A) Tinder et al should probably be some sort of "sort the people you're
interested in and run Gale-Shapley to figure out who you're meeting with on
Friday Night"

B) The actual design of the app hardly matters for success, only your ability
to market it and get people to adopt it. Oh, and I don't have any advantage
here, so the entire thing is a mess not worth fixing.

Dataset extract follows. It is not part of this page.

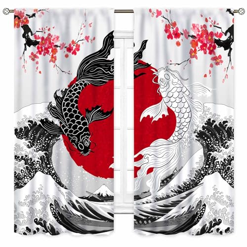 Japanese Curtains, Asian Style Japanese Anime Black White Yin Yang Koi Fish Cherry Blossom Great Wave Oriental Window Drapery Treatments for Bedroom Living Room Kitchen Bathroom 2 Panels, 42"x45" Inch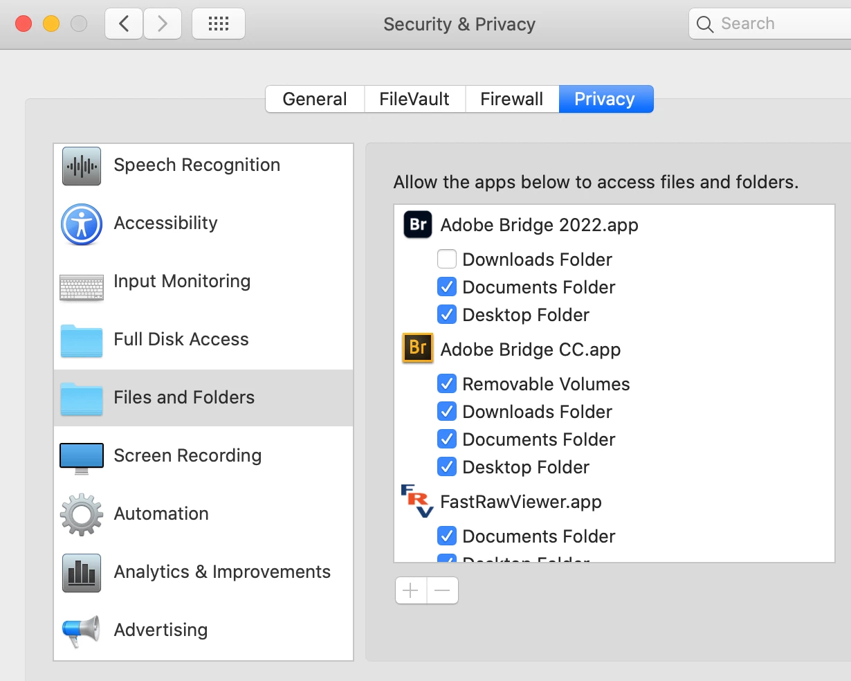 Have just upgraded to Bridge 2022 and can no longer access images on my external drive, where I keep all my photographs. I have gone to System Preferences - Security and Privacy - Files and Folders. Bridge 2022 has only three options available, Downloads Folder, Documents Folder and Desktop Folder. The previous version had an additional folder called Removable Volumes. Please advise

I miiight have an out by making the Gale-Shapley version of Tinder, writing a
bunch of content marketing aimed at programmers/nerds, aggressively promoting
it at meetups. That only really gets the male side of the matching market,
which means I'd want funding and a marketing position for women-who-are-into-
nerds.

------
inlined
I don't understand some of this advice like "keep your profile short. You'll
offend someone and miss out on a date."

Unless you're just looking for hookups, the goal isn't dating, it's long term
matching. I probably have gone on dates with 1 in 20 matches and aside from my
ego, I'd be better off being more selective.

------
donatj
I was on OKCupid for something like 10 years. 5 years ago a girl messaged me
first. Probably the 3rd time that happened in the ten years. I am now happily
married to that girl. She's on the couch a few feet from me.

------
charles-salvia
How is this different from the default state of Western culture for the past
century? Despite many positive social changes towards more equal opportunities
for women, socially speaking, Western culture is still very traditional in
terms of the common expectations surrounding the "courtship" dynamic between a
man and a woman. The man is still expected to initiate and drive the
interaction, while the woman is expected to be more passive about it. This is
how it is off the Internet as well - women are routinely approached by men at
bars/nightclubs etc., but it rarely happens the other way around. So why would
online dating be any different?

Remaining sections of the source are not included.